LLMs now discover real‑world zero‑days and they do it with brute‑force patience, not superhuman IQ. Today, a swarm of lightweight LLM agents can out‑grind any human.
If you think language models are too "dumb" to matter, you should think step by step.
My ethical hacking story
I need to start by sharing some of my background. Me and Klaudia (my co-founder) weren’t the smartest ethical hackers; we just built security automation that was constantly doing the same thing, a stupidly simple thing.
It was sending 500 million HTTP requests a day to the same targets, looking for the same 20 old misconfigurations.
Companies did not seem to be vulnerable at first, but at some point, the developers had to cut corners. They had tight deadlines to deliver, or they were just too tired.
They PRed, they merged, they deployed. We caught them. Every single time.
The size of the security budget of the company did not matter. The same trick worked for Microsoft and Apple.
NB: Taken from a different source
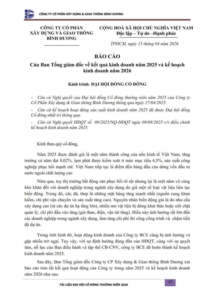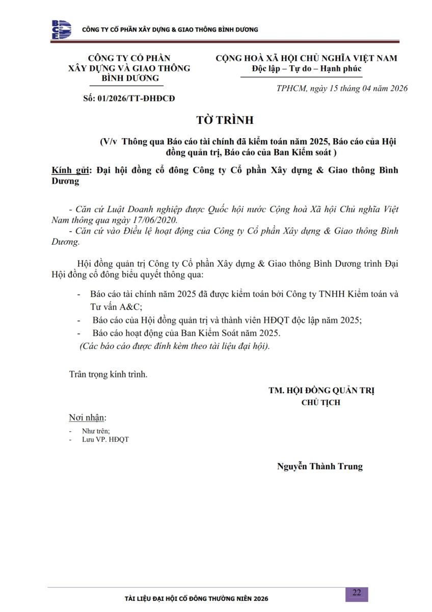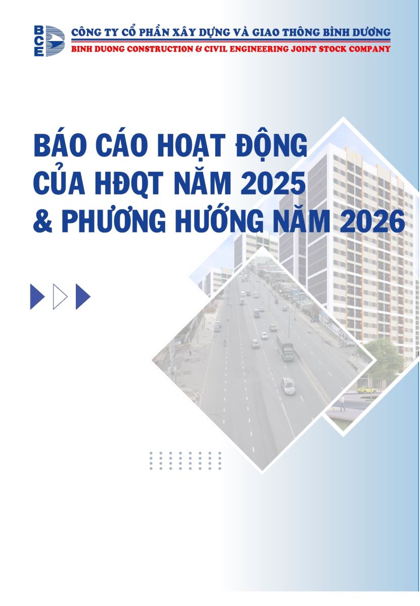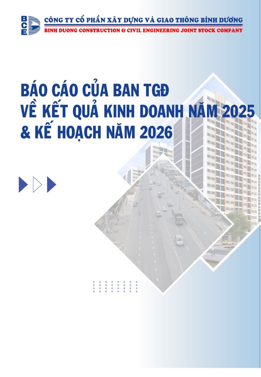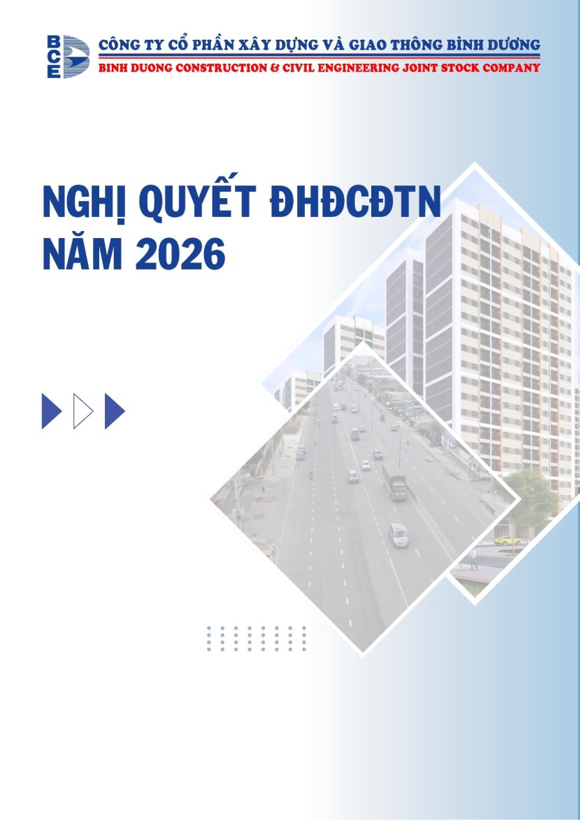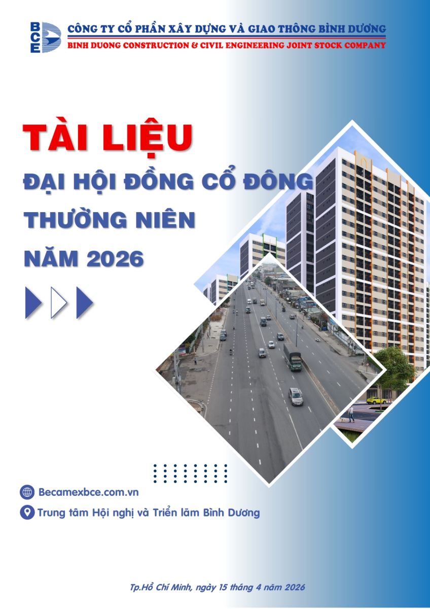 Ngày đăng: 13/04/2026 Công ty Cổ phần Xây dựng và Giao thông Bình Dương công bố tài liệu Cổ đông thường niên năm 2026. Binh Duong Construction & Civil Engineering Joint Stock Company discloses the documents for the 2026 Annual General Meeting of Shareholders.

We were successful, we earned $120 000+ by simply observing and doing the repetitive checks, over and over.
graph LR
A[Same Targets] --> B[Scan for 20 Misconfigs]
B --> C["Get Paid (Sometimes)"]
C --> A
style A fill:#f0f9ff
style B fill:#fff3e0
style C fill:#ffcdd2
Simple, but effective
I promise, this will be relevant later.
Linux Kernel zero-day
You probably heard about the Linux Kernel CVE-2025-37899 - it was a security issue found by OpenAI's latest model, o3, in the Linux kernel’s SMB implementation.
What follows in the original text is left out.